L’orgie décrite ici semble autant un rituel qu’un chaos primitif, où les frontières entre les êtres explosent. Il y a un mélange de pulsions archaïques, de violence et de dérision. Rien n’est sacré, tout est poussé à la saturation, jusqu’à la nausée.

Un monde renversé, entre délire et satire

Le texte se situe dans un royaume déformé, un espace où les codes sont inversés, où les valeurs sont bouleversées. Est-ce une critique sociale cachée derrière ce délire verbal ? Une satire d’un monde qui a perdu son sens ? Peut-être. En tout cas, cette destruction du langage semble aller de pair avec une destruction des normes et des repères.

Certains passages, comme la référence à Tacite et aux Germains, suggèrent une mise en perspective historique, comme si ces pratiques débridées avaient toujours existé, indépendamment des civilisations et des époques. Cela crée un effet de vertige : cette folie du langage et du corps ne serait qu’une continuité de l’histoire humaine, une vérité brute que l’on préfère d’habitude ne pas voir.

Un texte qui ne laisse pas indemne

Lire ce texte, c’est comme entrer dans un maelström de mots et d’images.
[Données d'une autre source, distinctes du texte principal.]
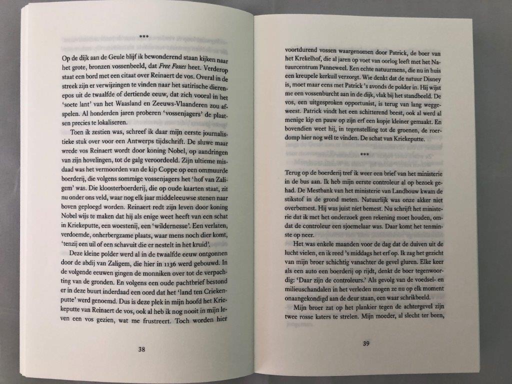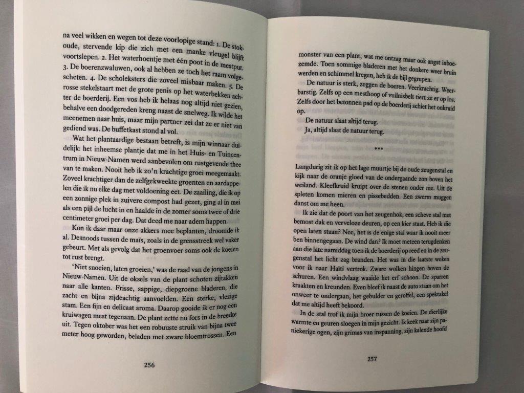 Wat een prachtig boek is dit. Helder, bijna poëtisch geschreven. Bijvoorbeeld het stuk waarin hij aangeeft wat het is om boer te zijn: “Het raakte de kern van ons wezen. Dit was wat zij kenden, waar zij dag en nacht mee waren begaan. De omgang met de cyclus van geboorte, leven en dood, gaf zin en ritme aan hun wereld. De strijd om het bestaan, een strijd met de natuur vaak, verbond verleden en toekomst”. En daarna in de Epiloog de pijn die Chris de Stoop voelt omdat het bij hem gaat eindigen: “Ik zie de tijd die komen gaat. ik, van beide kanten afkomstig uit grote boerengeslachten, moet een einde maken aan de eeuwenoude ketting van het boerenleven, terwijl boeren voor ons altijd even vanzelfsprekend was als het hebben van een moeder. Ik ben niet eens de laatste schakel van de ketting. ik ben de tang die ze doorknipt”.

Il y a quelque chose de fascinant dans cette explosion incontrôlée du langage, même si cela peut aussi rebuter ou déstabiliser. Cauda ne cherche pas à plaire, il cherche à secouer, à provoquer une réaction.

C’est un texte qui rappelle que la langue n’est pas figée, qu’elle peut être un matériau brut que l’on tord et malaxe pour en extraire quelque chose de nouveau. On peut y voir une sorte de poésie du chaos, un cri primal qui traverse le langage pour en faire surgir autre chose, un monde où le sens est en perpétuel mouvement.